Now run MultiBeast and select the following options:

- UserDSDT Install
- System Utilities
- Kexts -> Audio -> VoodooHDA -> Experimental -> VoodooHDA 0.2.56 (don't use .61 or .70, they have a bad hissing problem but even .56 had a hissing problem as well)
- Drivers & Bootloaders -> Kexts & Enablers -> Audio -> Realtek ALC 8xx -> ALC8xxHDA
- Drivers & Bootloaders -> Kexts & Enablers -> Audio -> Realtek ALC 8xx -> AppleHDA Rollback
- Drivers & Bootloaders -> Kexts & Enablers -> Audio -> Realtek ALC 8xx -> Non-DSDT HDAEnabler -> ALC892

- Drivers & Bootloaders -> Kexts & Enablers -> IOAHCIBlockStorageInjector
- Drivers & Bootloaders -> Kexts & Enablers -> Disk -> JMicron 36x -> JMicron36xSATA
- Kexts -> Graphics -> Enablers -> ATY_Init Vervet
- com.apple.boot.plist -> 32-bit GraphicsEnabler=No

- Drivers & Bootloaders -> Bootloaders -> Chameleon 2.0 RC5 - ATI Experimental

Restart after this and you should have a Hackintosh Mac Pro with functioning wired Ethernet, Quartz Extreme acceleration and full resolution support from your ATI 5770 graphics card, and front panel audio without hissing from the built-in motherboard hardware. Although all of this information is available from disparate sources out there I hope having it in one place for one particular hardware configuration is helpful.
This set up is much cleaner, with no non-standard graphics kexts any more and no GraphicsEnabler=No hacks! The new pseudo-native ALC892 high-def audio support is much better than the brute-force VoodooHDA as well, and has no hiss at all as opposed to the quiet hiss before.

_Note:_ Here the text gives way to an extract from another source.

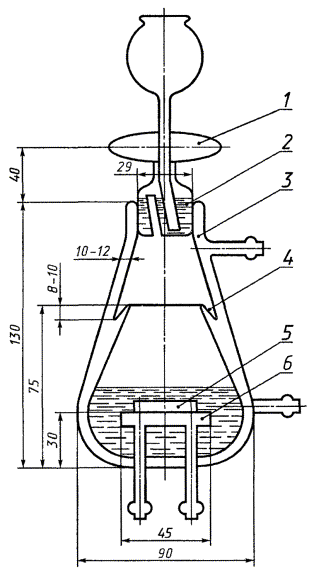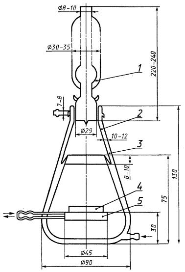 2.3. Подготовка образца топлива 2.3.1. Испытуемое топливо фильтруют через бумажный фильтр при комнатной температуре. 3. ПРОВЕДЕНИЕ ИСПЫТАНИЯ3.1. В нагретый прибор на стеклянную площадку помещают предварительно взвешенную пластинку с известной постоянной травления. Через воронку заливают от 60 до 70 см3 испытуемого топлива, подготовленного по п. 2.3 (пластинка должна быть полностью покрыта топливом), и в желобок заливают 5 см3 дистиллированной воды. (Измененная редакция, Изм. № 3). 3.2. Аппарат закрывают пробкой, в которую заливают дистиллированную воду, добавляя ее по мере испарения, и проводят испытание в течение 4 ч. Момент закрытия аппарата пробкой принимают за начало испытания. (Измененная редакция, Изм. № 2). 3.3. По истечении 4 ч обогрев отключают, пластинки вынимают из аппарата, охлаждают до комнатной температуры. После охлаждения пластинки промывают спиртобензольной смесью, протравливают, как указано в пп. 2.1.2 - 2.1.3, и взвешивают с погрешностью не более 0,0002 г. (Измененная редакция, Изм. № 1, 2). 4. ОБРАБОТКА РЕЗУЛЬТАТОВ4.1. Коррозионную активность топлив в условиях конденсации воды (К) в г/м2 вычисляют по формуле К = где m - масса пластинки до испытания, г; m1 - масса пластинки после испытания, г; h - постоянная травления, г; S - площадь верхней и боковой поверхностей пластинки (одна из поверхностей - нижняя не учитывается, так как прилегает к поверхности площадки и в процессах коррозии не участвует), м2. (Измененная редакция, Изм. № 2). 4.2. За результат испытания принимают среднее арифметическое результатов двух параллельных определений. 4.3. Сходимость метода Два результата определений, полученные одним исполнителем в одной лаборатории, признаются достоверными (с 95 %-ной доверительной вероятностью), если расхождение между ними не превышает 1 г/м2. (Измененная редакция, Изм. № 3). ПРИЛОЖЕНИЕАппарат для определения коррозионной активности бензинов1 - водяной холодильник; 2 - межстенное пространство; 3 - желобок; 4 - металлическая пластинка; 5 - стеклянная площадка для размещения металлической пластинки СОДЕРЖАНИЕ

Oh, and finally, with regard to Best Buy: Amazon.com, from which I'd bought my original Radeon 5770 that failed, accepted it as a return despite it being well beyond the usual 30-day window and sent me a prepaid return label! I ordered an identical replacement card from Amazon, which is now $7 cheaper than its October 2010 price to boot, and will abuse Best Buy's no-restocking fee return policy when the replacement from Amazon arrives on Thursday. Thank you for loaning me this card for a few days, Best Buy, although I'd sure have hated to truly pay your store's price, $67 higher than that of Amazon…

:banana:
 

moff_quigley

Why don't you have a seat over there?
Jan 27, 2005
4,402
2
Poseurville
That's pretty freakin' cool but after reading this I feel pretty good about spending $2K on the 8-core Mac Pro a year or so ago.